Mostly the latter, with one real tension. Lindquist et al.’s meta-analytic rejection of “insula = disgust” and “ACC = sadness” is not a rejection of Craig’s own claims — Craig never proposed disgust-specificity; his claim was always that the insula (AIC) supports general interoceptive/affective awareness, and Lindquist’s data support exactly that reading, citing Craig directly as source. The genuine tension is with Craig’s forebrain emotional asymmetry hypothesis (right AIC ↔ sympathetic/survival/withdrawal emotions like pain, anger, anxiety; left AIC ↔ parasympathetic/affiliative/approach emotions — see insular-cortex), which is a category-cluster-to-hemisphere locationist claim in Lindquist et al.’s sense, and would be predicted to fail the same functional-specificity tests this meta-analysis applies to single regions. Flagged here as an unresolved cross-paper tension, not merged or resolved.

New debate raised

This paper’s own target/commentary/response structure makes explicit a debate this wiki did not yet have a page for — not “do emotions have distinct autonomic signatures” (autonomic-specificity-of-emotion, about peripheral physiology) but whether discrete emotions map to distinct brain structures or networks at all. See the new locationist-vs-constructionist-brain-emotion debate, which also records Scherer’s commentary that the locationist/constructionist dichotomy mischaracterizes componential appraisal theory, and that “any evidence for brain mechanisms subserving categorization/conceptualization… does not privilege any theory on why or when” — a methodological caution about what a meta-analysis of this kind can and cannot decide between rival theories.

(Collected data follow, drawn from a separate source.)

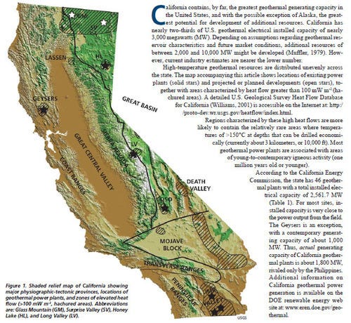Imagine if a whole area had many different kinds of geothermal facilities from multiple different companies using multiple different technologies? Already true. What if multiples of those are all along major fault lines, all over California? Already true.
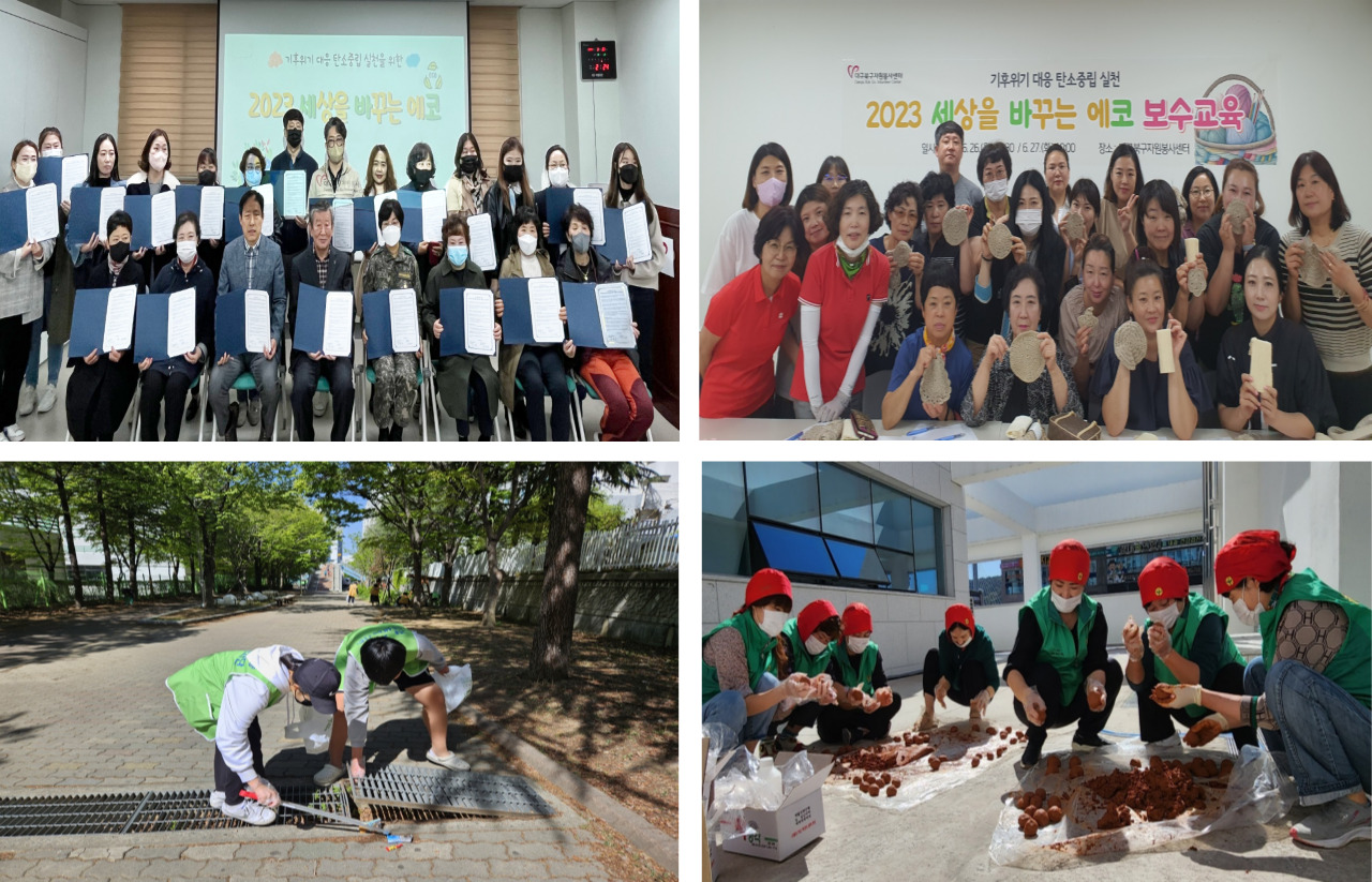 단체별 삼삼오오 모여서 활동을 하거나 각자 가정에서 자율적으로 제로웨이스트 활동을 하였습니다. 삼베실 수세미를 만든 후 센터로 제출하거나 이웃, 주민들에게 나눔을 실천하여 탄소중립에 관해 알리며 저탄소 실천을 권장하는 기회가 되었습니다.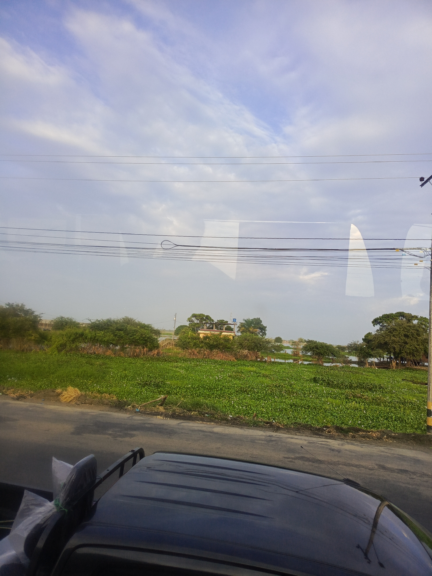 The image shows a view from inside a vehicle, likely a car, looking out towards a landscape in Babahoyo, Ecuador. The sky is overcast with scattered clouds. Power lines stretch across the upper portio…read more
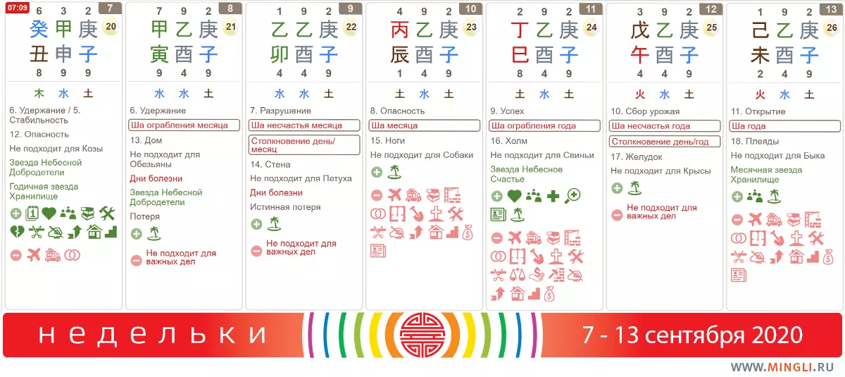 7 сентября, понедельник. День неплохой, но часто первый день месяца не рекомендован для важных дел именно из-за смены энергий и царящей из-за этого энергетической неразберихи). Но все же дела средней важности вполне подойдут: проводите встречи, договаривайтесь, миритесь, приобретайте ценные вещи. Начинать ремонт или работы в саду на этой неделе можно только сегодня.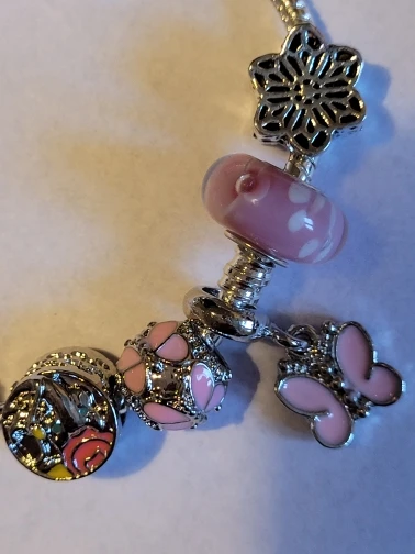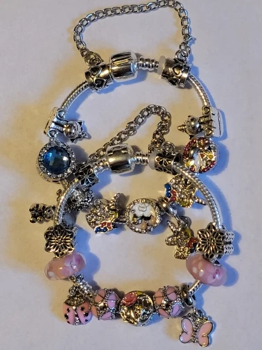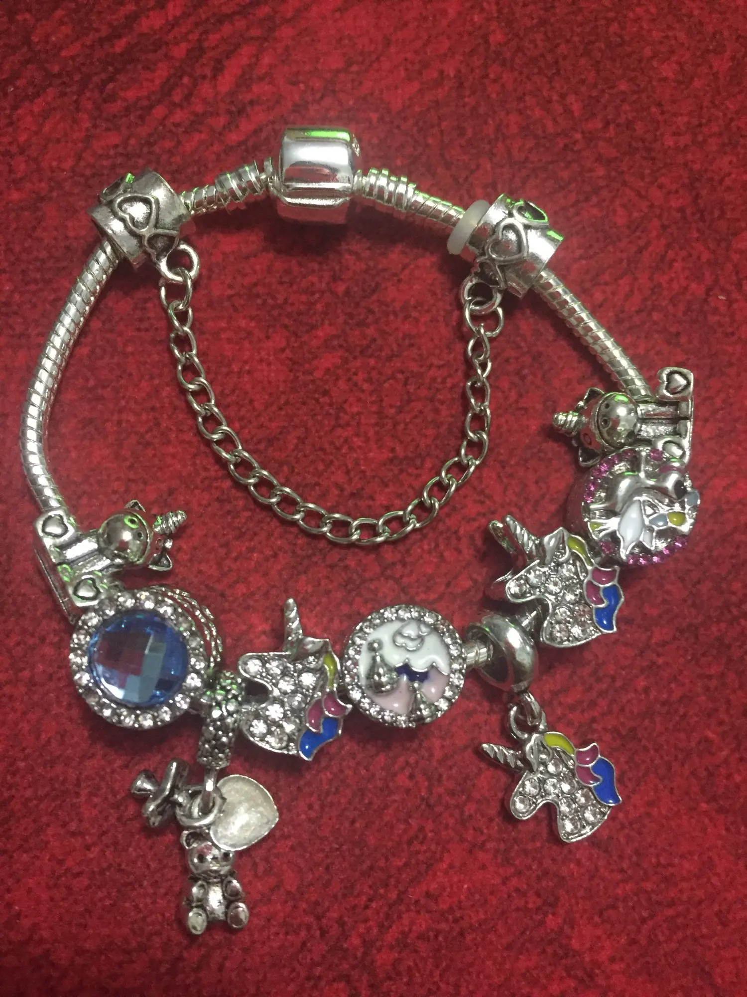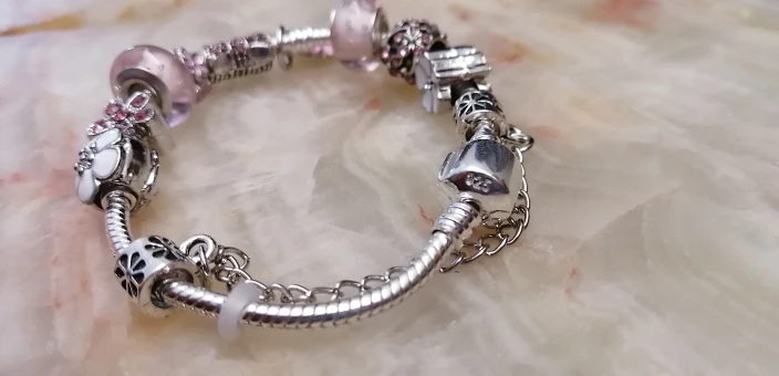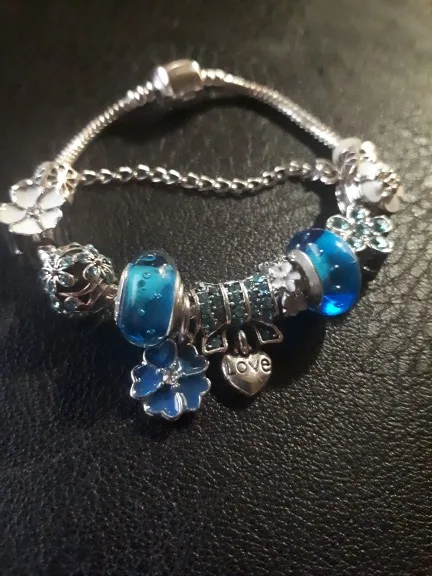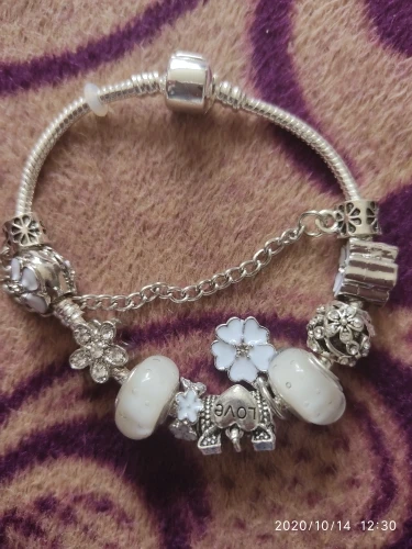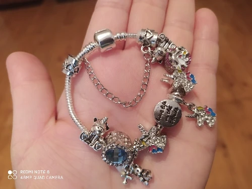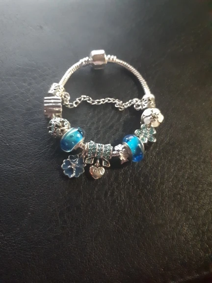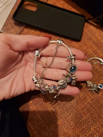 браслет хороший, пришел быстро и отслеживался везде, подвески красивые, сделаны аккуратно, но это точно не серебро и на какую то из них (причем не на все, а только на одну конкретную) у меня началась аллергия, но это не вина продавца, а мои особенности, так что если тоже склонны к аллергии будьте аккуратнее. а так браслет очень хороший, застежка удобная и плотная.

Bridge to interoceptive inference

Mog Stapleton’s commentary (see limitations) explicitly connects Lindquist et al.’s core-affect construct to predictive coding (Bar, Friston) — proposing that unexpected interoceptive sensations are intrinsically motivating because the nervous system’s function is error-reduction, and that precision/gain control (Feldman & Friston 2010) implements attention over prediction-error units. Written four years before Seth & Friston (2016) formalized exactly this move for interoception, it is an early, independent bridge between the constructionist and predictive-coding literatures represented in this wiki.